We spent the weekend before last in London with friends.
We knew that dinner plans had been made, we knew we would have a chance to chat and walk and laugh and eat and see an exhibition.
What we didn't know was that the sun would shine for almost the entire time, that we would sit outside drinking coffee, that we would eat a Lebanese wrap on a park bench, an Ottolenghi cake on a street in Notting Hill. We didn't know that that we would eat some of the finest fried eggs we have ever tasted, that that doughnut would be talked about for the rest of the day. It was a grand way to spend a weekend.
And when we got back it was Chris's birthday. We drank coffee, ate lunch at Broughton Deli (ham, gruyere and onion marmalade crepe for me, ramen for him), walked into town. That evening we toasted to 32 with Chris's parents and with the promise that on Saturday we would do the same again with his parents, sister, brother-in-law and now almost two year old niece.
On Saturday I woke up, turned the oven on and started grating carrots.

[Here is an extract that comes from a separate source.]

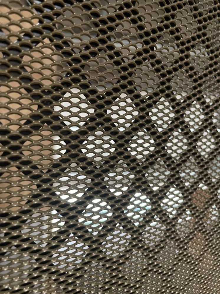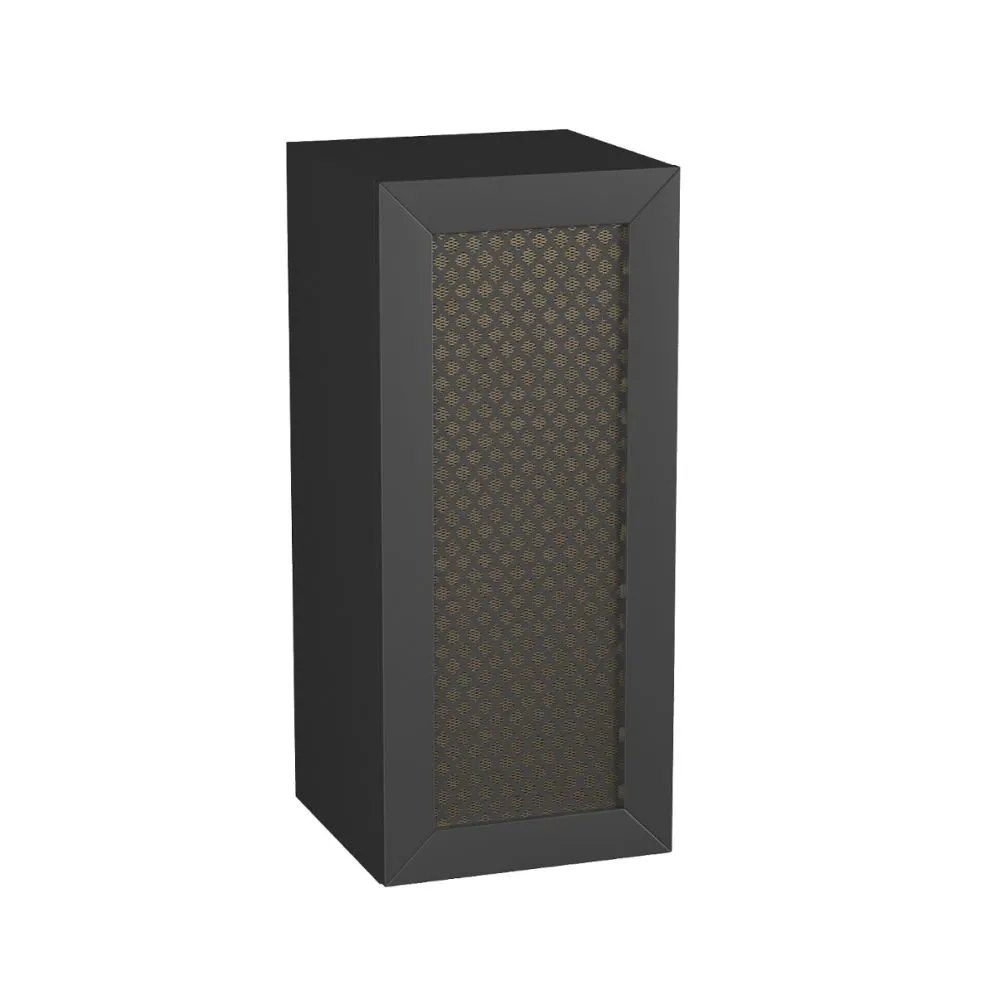 - Front z lakierowanej płyty MDF 16 mm z frontem z perforowanej stali i złotą metalową siatką w tle.

I meant to use the food processor but sometimes tired brains and food processors do not go well together so I pulled out my fine microplane and I grated.

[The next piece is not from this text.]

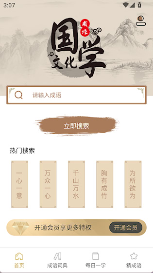 1、“首页”提供了精确搜索成语的功能

It took a little longer than I bargained for.
But, and this is crucial, I think I'll stick with it for future carrot cakes. Without the thick strands of carrot the texture was light and the sponge brightly orange. The cake cooled as I stirred the icing, tasting as I went and ending up with a pleasantly cream cheesy icing, slightly sour, not too sweet.
From Breakfast, Lunch and Tea: The Many Little Meals of Rose Bakery by Rose Carraini
I used two 20cm (8 inch) tins instead of the one 23cm tin specified and found that the baking time and icing quantity were just right.

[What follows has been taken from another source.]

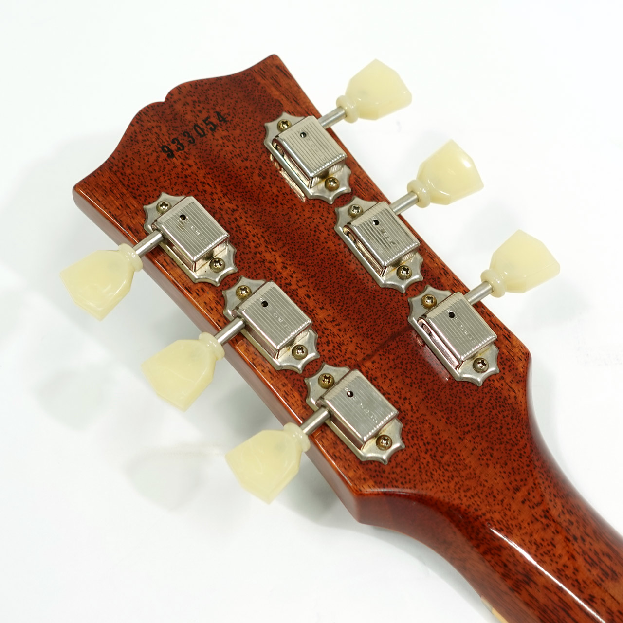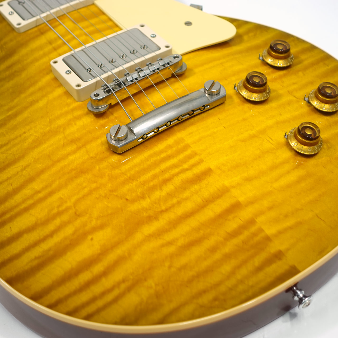 59スペックに相応しいワイドかつ深い杢目のフィギャードメイプルトップに1ピースマホガニーボディ、マホガニーネックにインディアンローズウッド指板。カスタムショップ製らしく伝統のハイドグルーにて接着されています。

unsalted butter, for greasing
225g caster sugar
300ml sunflower oil
9 medium carrots, finely grated
300g plain flour, sifted
1 teaspoon ground cinnamon
1 rounded teaspoon baking powder
1/2 teaspoon bicarbonate of soda
1/2 teaspoon salt
150g finely chopped walnuts
For the icing
125g unsalted butter, softened
250g cream cheese
1/2 teaspoon natural vanilla extract
50-75g icing sugar, depending on how sweet you like your icing
Preheat the oven to 180°C/350°F/Gas Mark 4.
Butter a 23cm (9 inch) cake tin and line its base with parchment paper.
Beat the eggs and caster sugar until they are light and fluffy but not too white and meringue-like.
Pour in the oil and beat for a few more minutes.
Fold in the carrots and then the flour with the cinnamon, baking powder, bicarbonate of soda and salt. Finally fold in the walnuts.
Pour the mixture into the prepared tin and bake for about 45 minutes or until a knife inserted into the centre comes out clean.
Remove from the oven and cool the cake in the tin before taking it out.
To make the icing, beat the butter with the cream cheese for a few minutes until the mixture is smooth.
Add the vanilla extract and icing sugar.
When the cake is cold, ice the top with the icing.